By standard mathematics you have Natural Numbers, Rational Numbers, Irrational numbers, etc... , but there is no general definition to Number.
Children may not understand the sophisticated manipulations that adults can do with numbers, but they have a simple (and simple is not trivial) point of view of the concepts that can lead to the general definition of Number, as I did in my theory.
A number is the simplest building-block of the researchable.
Your sophisticated manipulations of that building-block, do not allow you to get this beautiful and straightforward simplicity, because your ability to get simple notions was lost over the years of your mathematical sophisticated training.

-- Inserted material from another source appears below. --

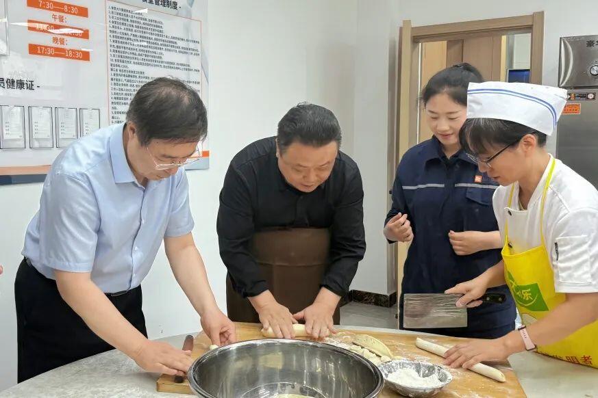 调研结束后,李英峰一行还来到员工生活区,看望和慰问扎根项目一线的员工,在拉家常中了解大家的工作和生活情况,并一同揉面、擀皮、包饺子,共享“深能家园”的温馨。
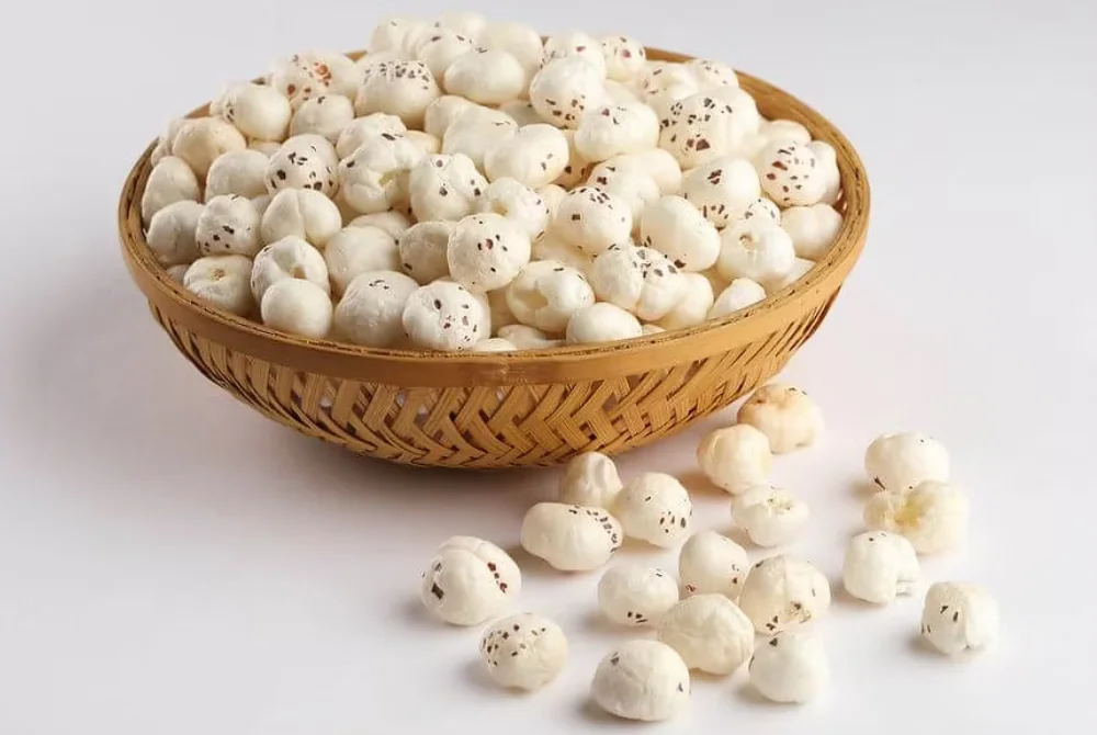 6 Suta Premium Raw Phool Makhana are top-notch, big lotus seeds (around 18-22 mm). People love them because they're super crunchy, clean, and good for you. They're dried in the sun and sorted by hand to make sure they're all the same size and great quality. They are perfect for fancy snacks, selling overseas, and holiday treats.

So is the case of a line or a point, they are undefined terms, and understood according different context dependent axiomatic systems that there is no common basis between them accept that they are using the words "Line" and/or "Point".
In other words, there is no generalization of these concepts according to the context dependent paradigm.
Since most of the axiomatic systems are using sets, then the concept of Line is not an
atom, but it is a thing that is defined by other building-blocks (you can call them points or not, but it does not change the fact that a line is not an atom by standard Math.)
Professional mathematicians do not afraid to use Lines and points as related object (only people that have troubles with their abstract abilities avoid it).
For example:
1. Why set theory?
Why do we do set theory in the first place? The most immediately familiar objects of mathematics which might seem to be sets are geometric figures: but the view that these are best understood as sets of points is a modern view. Classical Greeks, while certainly aware of the formal possibility of viewing geometric figures as sets of points, rejected this view because of their insistence on rejecting the actual infinite. Even an early modern thinker like Spinoza could comment that it is obvious that a line is not a collection of points (whereas for us it may hard to see what else it could be) (Ethics, I.15, scholium IV, 96).
http://www.seop.leeds.ac.uk/entries/settheory-alternative/
Prof. Randall Holmes (
http://math.boisestate.edu/~holmes/ )
Hilbert:
I.1: Two distinct points A and B always completely determine a straight line a. ...
(
http://en.wikipedia.org/wiki/Hilbert's_axioms )
Well, Hilbert is wrong, because a non-local element like a line cannot be completely determined by local elements like points.
I explicitly show it by using Symmetry as the basis of non-locality and Asymmetry as the basis of locality.
Furthermore, I explicitly show that Symmetry/ Asymmetry is the basis of Logic itself.